The deceased Lamb left 11 children, one so young that the father died with a telegram in his pocket announcing the boy’s birth. The future sheriff was only 11.

Lamb served in World War II in the Pacific with Army intelligence. He aspired to become a FBI agent, but the family’s immediate need for income put college out of the question even with the GI Bill.

So he hired on as a Clark County deputy sheriff and soon became chief of detectives.

Lamb departed the force in 1954 to form a detective agency with another ex-policeman. Their best-known client was Howard Hughes.

Lamb ran for sheriff in 1958 against Butch Leypoldt, and lost. But in 1961, when Leypoldt was named to the Nevada Gaming Control Board, the Clark County Commission appointed him to the unexpired term.

He won the election to a full term in 1962.Lamb’s administration brought in a modern crime lab, a mobile crime lab, and the city’s first SWAT team, which was kept secret until one of its snipers killed a bank robber who was threatening to shoot a hostage.

His most important contribution was helping form the Metropolitan Police Department. In the early 1970s, both the Las Vegas Police Department and the Clark County Sheriff’s Department struggled with jurisdictional problems.

People called the wrong agency to report crimes in progress, delaying police response. Both agencies were strapped for staff, yet used a lot of it duplicating record-keeping and administrative functions.

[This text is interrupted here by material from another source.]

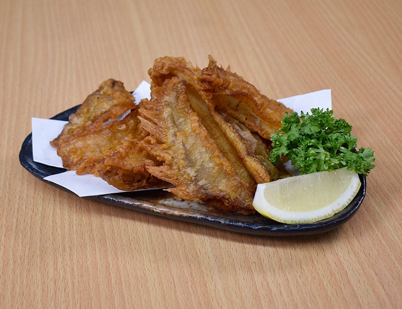 中骨を取って開いたソウハチカレイに、柚子香る明太バラ子をサンドしました。オーブントースターやフライパンでエイひれのようにしっかり炙って、お酒のつまみに最適です。又、水気を取って天ぷらや唐揚げでもフワフワ、サクサクの身が楽しめます。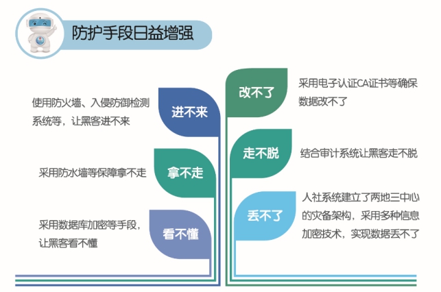 2 丟不了:人社系統(tǒng)建立了災(zāi)備架構(gòu),采用多種信息加密技術(shù),實(shí)現(xiàn)數(shù)據(jù)丟不了。

Unlike most efforts at consolidation, the Metro legislation slid through the Nevada Legislature with ease, and Lamb ended up in charge of the joint agency. Most people attributed that to Lamb’s political muscle, since  his brother Floyd was a senator and his younger brother Darwin a county commissioner.

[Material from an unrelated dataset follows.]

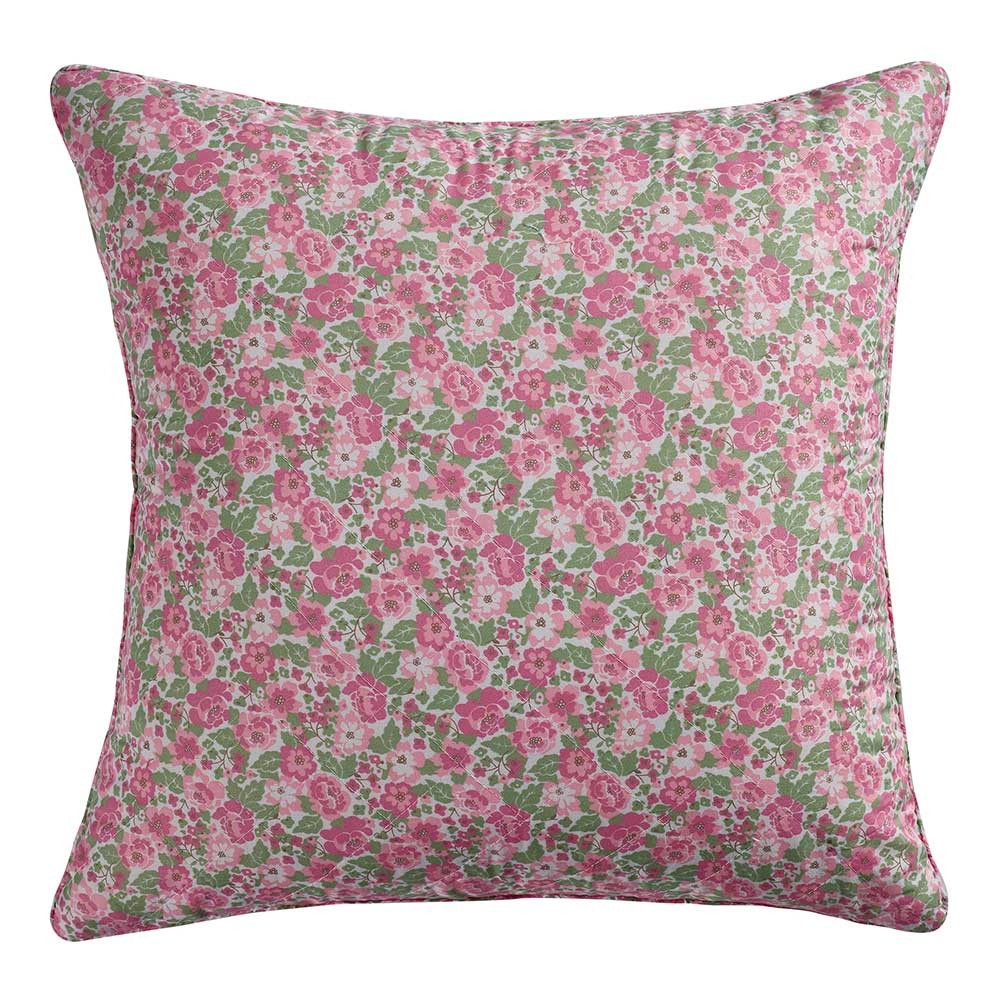 Cojín cuadrante con relleno 55 x 55 cm con estampado a doble cara de flores en color rosa claro y hojas en verde.

One of Lamb’s efforts at efficiency, however, helped cost him the post that seemed made for him. It was called the Task Force, and was an élite unit of experienced officers, handpicked by Lamb himself.

If burglars became particularly aggressive, the Task Force set up sting operations buying stolen goods and then busting the sellers. Then it moved on to attack some other kind of crime.

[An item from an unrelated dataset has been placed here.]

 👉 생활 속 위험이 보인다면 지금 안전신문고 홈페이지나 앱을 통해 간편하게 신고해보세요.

It made life miserable for crooks. When a hotel building boom brought in a new crop of hoods trying to gain a foothold in casinos, Task Force officers identified and kept track of them.

Lamb believed it worked like a charm. But many of his officers hated it, seeing the Task Force as an arrogant outfit, hogging the glory and leaving the real work to everybody else.

Then there was Joe Blasko. A controversial Las Vegas officer known for beating up suspects — one died — Blasko ended up in Metro’s organized crime unit after the merger. In 1978 he was accused of leaking information to mob boss Tony Spilotro, and Lamb fired him, but the damage was done.

The longtime sheriff was also weakened by his 1977 indictment for income tax evasion. The IRS attempted to prove Lamb spent more money than he earned as sheriff in such activities as building a home, complete with guest house and horsemanship facilities; proving it would mean Lamb had concealed income and evaded the taxes on it.

They also tried to prove certain loans, including one for $30,000 from casino owner Benny Binion, were never meant to be repaid and were, therefore, taxable income. However, U.S. District Judge Roger D. Foley acquitted Lamb of all charges.

He said the IRS had failed to prove that anybody paid for the building materials, so they probably were gifts, not subject to taxation. Similarly, said Foley, it was up to the government to prove that Binion’s loan was never repaid, and it failed to do so.

But Lamb was politically wounded, and didn’t recover. The following year he lost a bid for re-election, by a landslide, to his former vice-squad commander, John McCarthy.

He made another bid in 1994 but lost.